I noticed there's a file called setup.py
, which sounds like a strong candidate for possibility #2... and it turns out to include the following:
entry_points={'console_scripts': [
'onlykey-agent = onlykey_agent.__main__:run_agent',
]}
There it is! Our entrypoint is the run_agent
function (which is defined in __main__.py
).
Argument Parsing
@handle_connection_error
def run_agent(client_factory=client.Client):
"""Run ssh-agent using given hardware client factory."""
args = create_agent_parser().parse_args()
setup_logging(verbosity=args.verbose)
//MP: Continued farther below after other examples
The first call is to create_agent_parser
- argument parsing is highly relevant, so I'll explore that function. create_agent_parser
immediately defers to create_parser
; I see that there's a create_git_parser
as well, which also calls create_parser
, and that all of these contain p.add_argument
calls. From this, I understand that I'm seeing an inheritance pattern: create_parser
defined arguments that are common to all usages of this program, and create_*_parser
are for each alternative entrypoint.
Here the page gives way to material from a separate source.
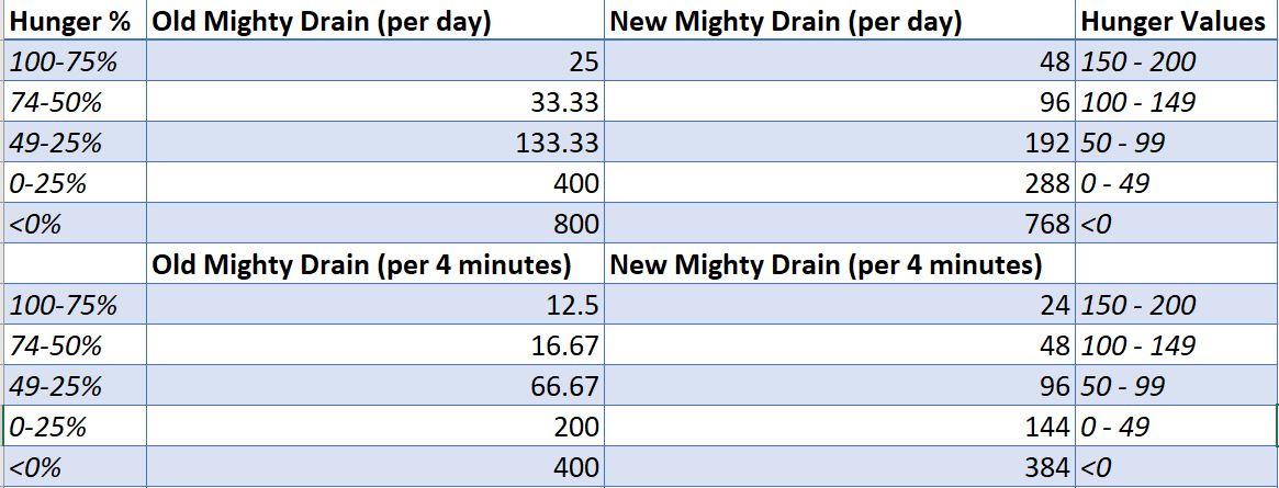 These are the new effective drain rates compared to what they were before they made their change 1-2 patches ago:

For the purposes of this exploration, I can just consider create_parser
and create_agent_parser
as one and the same, ignoring the others.
In reading the parser code, I'm looking for any sort of slot ID parameter that might exist, despite not being documented.
def create_parser():
"""Create argparse.ArgumentParser for this tool."""
p = argparse.ArgumentParser()
p.add_argument('-v', '--verbose', default=0, action='count')
curve_names = [name for name in formats.SUPPORTED_CURVES]
curve_names = ', '.join(sorted(curve_names))
p.add_argument('-e', '--ecdsa-curve-name', metavar='CURVE',
default=formats.CURVE_NIST256,
help='specify ECDSA curve name: ' + curve_names)
p.add_argument('--timeout',
default=server.UNIX_SOCKET_TIMEOUT, type=float,
help='Timeout for accepting SSH client connections')
p.add_argument('--debug', default=False, action='store_true',
help='Log SSH protocol messages for debugging.')
return p
--verbose
, --timeout
, and --debug
are all clearly irrelevant...
def create_agent_parser():
"""Specific parser for SSH connection."""
p = create_parser()
g = p.add_mutually_exclusive_group()
g.add_argument('-s', '--shell', default=False, action='store_true',
help='run ${SHELL} as subprocess under SSH agent')
//MP: Continued below
Then there's --shell
, which might be relevant to how I choose to integrate this with C#, but doesn't sound like it will be relevant to slot selection so I'll get back to it later.
//MP: Continued from above def create_agent_parser()
g.add_argument('-c', '--connect', default=False, action='store_true',
help='connect to specified host via SSH')
p.add_argument('identity', type=str, default=None,
help='proto://[user@]host[:port][/path]')
p.add_argument('command', type=str, nargs='*', metavar='ARGUMENT',
help='command to run under the SSH agent')
return p
Next is -c
a.k.a. --connect
, which was clear enough in the documentation. Finally are identity
and command
, each of which seem to map to the positional arguments described in the documentation. I don't have experience with Python's argparse
library, but seeing this correlation, and knowing that "identity" and "command" were not a part of any examples in the documentation, is enough for me to conclude that the absence of -
characters preceding an argument declaration causes it to be interpreted as positional.
Alas, there turned out not to be any built-in way to specify the slot through the command line. So, it's back to run_agent
:
Key Retrieval
//MP: Continued from farther above def run_agent(client_factory=client.Client)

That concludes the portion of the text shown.